2.2 THEORETICAL FRAMEWORK

The theoretical framework for evaluating corporate asset valuation practice in

Lagos, Nigeria focuses on several major concepts and theories from finance,
accounting, and organizational behavior. These theoretical underpinnings give a

platform for understanding the dynamics, problems, and influencing variables that

affect asset valuation procedures in Lagos. The Agency Theory is a key theoretical

framework that underlies this investigation. The Agency Theory, which evolved

from foundational works by Jensen and Meckling (1976), investigates the

interactions between principals (business owners) and agents (management or

professionals involved in asset valuation). In the context of Lagos, this theory aids

in the clarification of potential agency issues that may occur during the value

process. Understanding agency relationships is essential for determining how

organizations align the interests of various stakeholders in their asset appraisal

methods.

Spence's (1973) signaling theory is also pertinent to the investigation. According to

signaling theory, corporations use specific activities, such as adopting certain asset

valuation methods, to indicate information about their financial health and future

prospects to external stakeholders. Understanding how organizations signal their

financial condition through asset valuation processes in Lagos contributes to a

greater understanding of the information provided to investors, regulatory

authorities, and the broader business community. Barney's (1991) Resource-Based

View (RBV) thesis is useful in assessing how businesses use their distinctive

resources and capabilities to gain a competitive advantage. When applied to asset


valuation procedures in Lagos, RBV elucidates why organizations may select

specific valuation methods or tactics based on internal capabilities and the external

competitive situation. This idea contributes to understanding how companies in

Lagos employ their resources to improve asset value effectiveness.

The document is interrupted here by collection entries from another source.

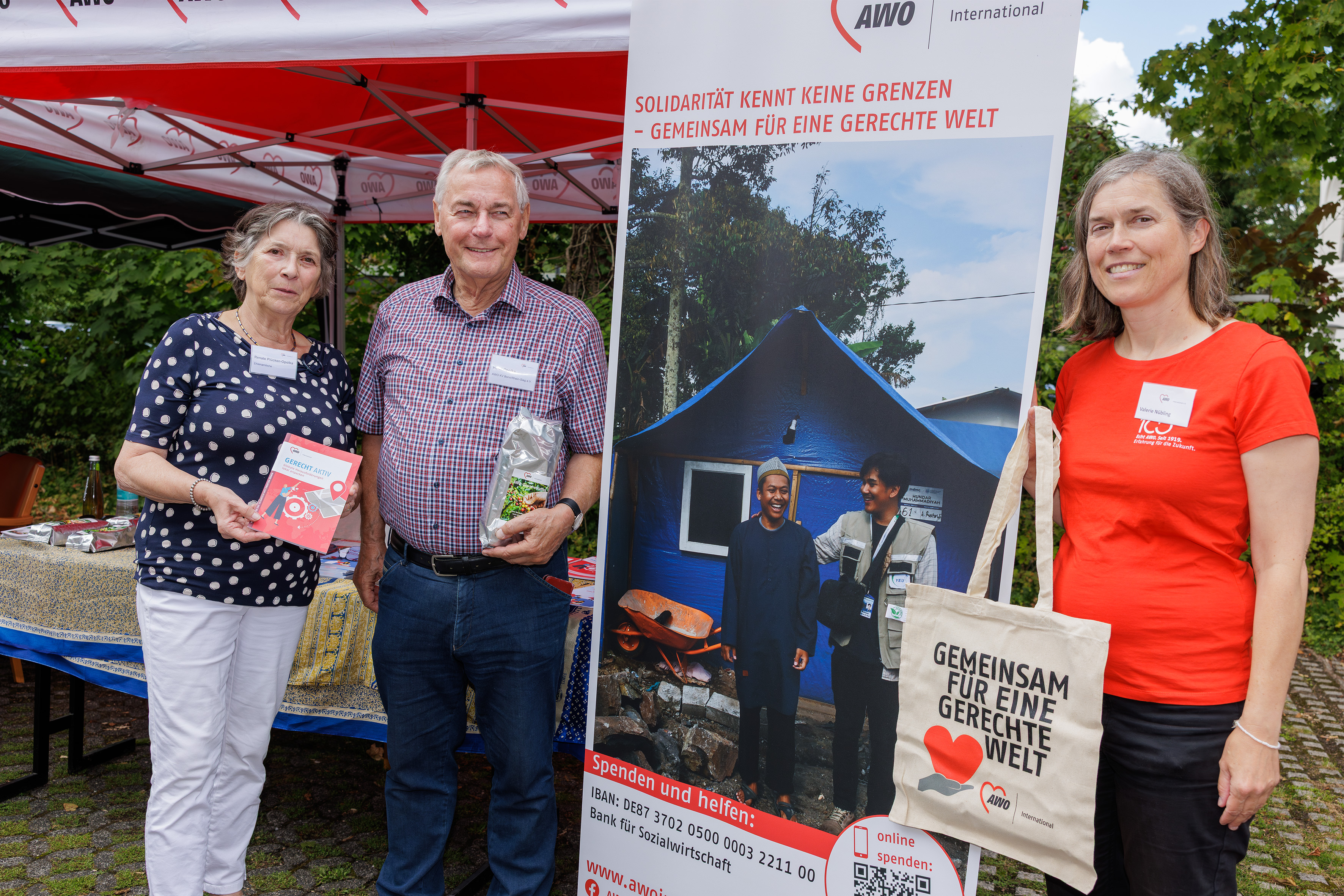 Auch die praktischen Informationen rund um die Arbeit der AWO Düsseldorf kamen bei dem Jubiläumsfest nicht zu kurz. So waren das Kreisjugendwerk, das Berufsbildungszentrum, die „zentren plus“, die Fachstelle Regenbogenfamilien, die AWO-Kitas, der Kinder- und Jugendanwalt Till Eulenspiegel und der Bereich Inklusion der AWO VITA mit eigenen Informationsständen vertreten. Besonderes Interesse fand der Stand von AWO International, dem Fachverband der AWO für Entwicklungszusammenarbeit und humanitäre Hilfe. Er präsentierte sich zum ersten Mal in Düsseldorf.
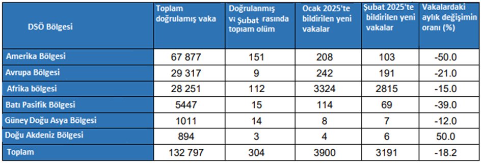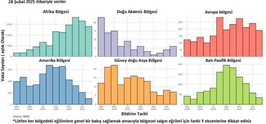 - Küresel mpox epidemiyolojik durumu, 28 Şubat 2025 itibariyle; küresel sürveyans verileri aylık olarak özetlenmektedir; Şubat 2025, tam verilerin mevcut olduğu son aydır;
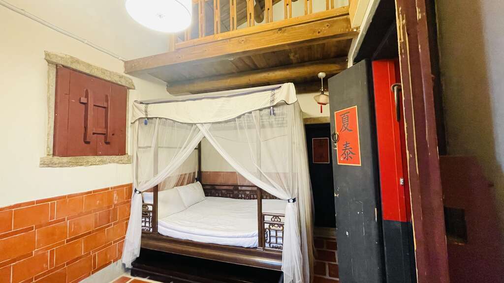 古厝內部裝飾精美、舒適,使用古式紅眠床,可讓您體驗古早人睡眠的韻味。
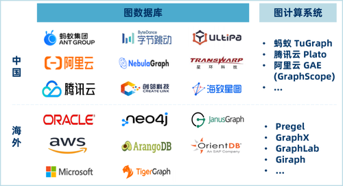 图数据库领域不仅有互联网/公有云厂商(如蚂蚁、腾讯、 AWS 、 Microsoft Azure 等),还有一众图计算领域垂直企业(如 Neo4j 、 TigerGraph 、创邻科技、欧若数网等)、传统数据库厂商( Oracle 、 IBM 等)也已经入局。
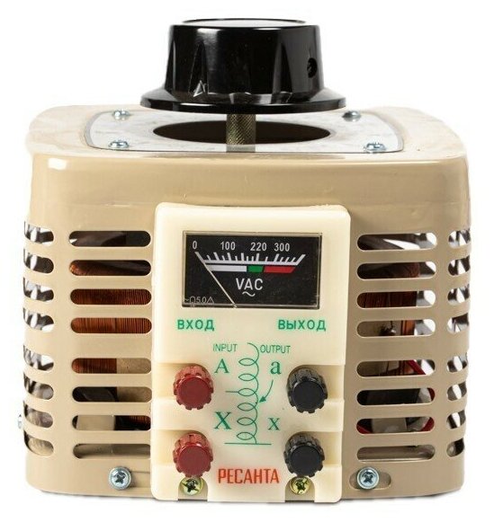 Input voltage: 220 V 1-phase, output voltage: 0-250 V, power: 1000 VA, maximum output current: 4 A, degree of protection: IP20, built-in voltmeter
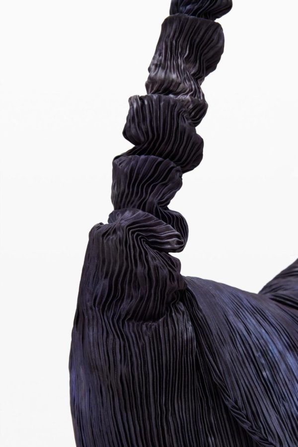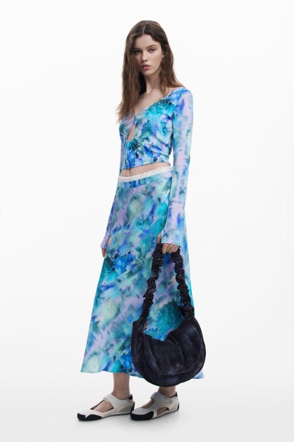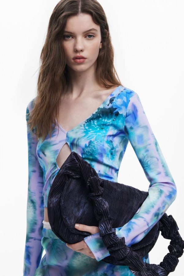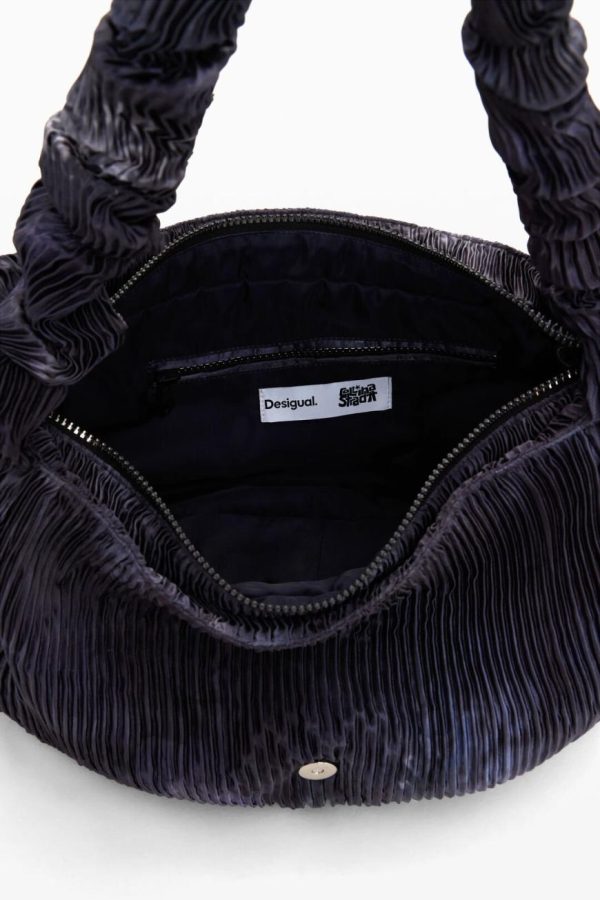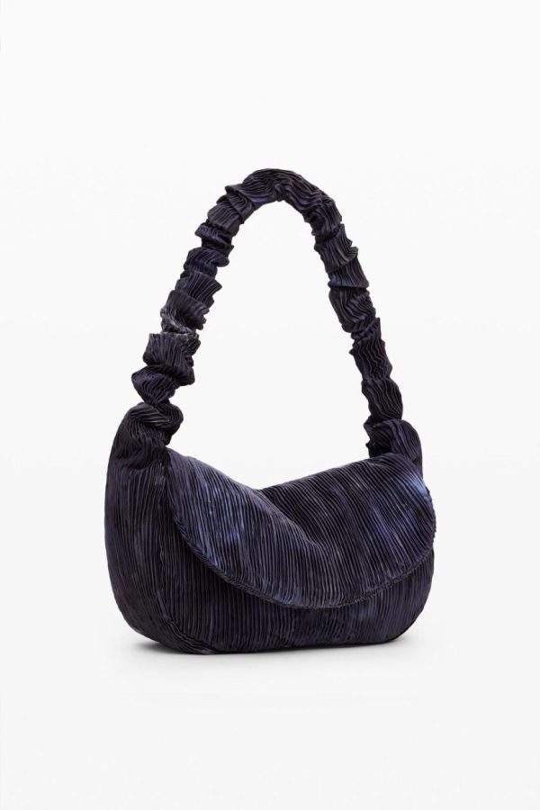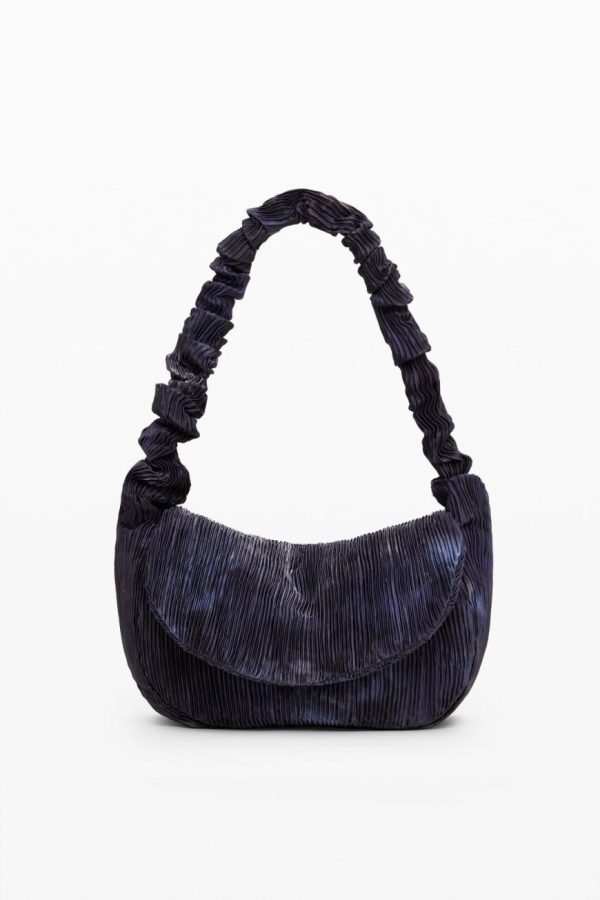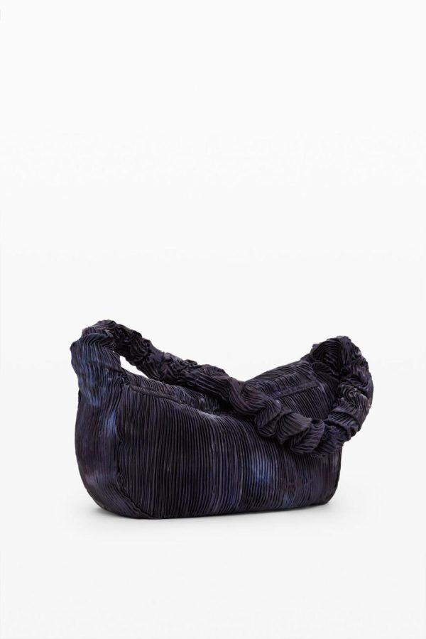 Crossbody style bag with pleated fabric, magnetic flap, Closure: zipper, and blurred floral print.

Furthermore, DiMaggio and Powell's (1983) Institutional Theory is relevant to

understanding the influence of institutional forces and norms on corporate conduct.

In Lagos, institutional elements such as regulatory agencies such as the Financial

Reporting Council of Nigeria (FRCN) and professional groups such as the Institute

of Chartered Accountants of Nigeria (ICAN) create the climate in which businesses

function. Examining the institutional structure reveals how these external factors

influence asset appraisal procedures.

The theoretical framework also includes cultural and geographical considerations.

Hofstede's (1980) work on cultural aspects and Oyewobi et al. (2012) work on

regional impacts give a lens through which to examine how cultural and regional

factors influence the choice of asset valuation methodologies in Lagos. By

identifying the socio-cultural context in which asset valuation activities take place,

these cultural subtleties contribute to the broader theoretical framework.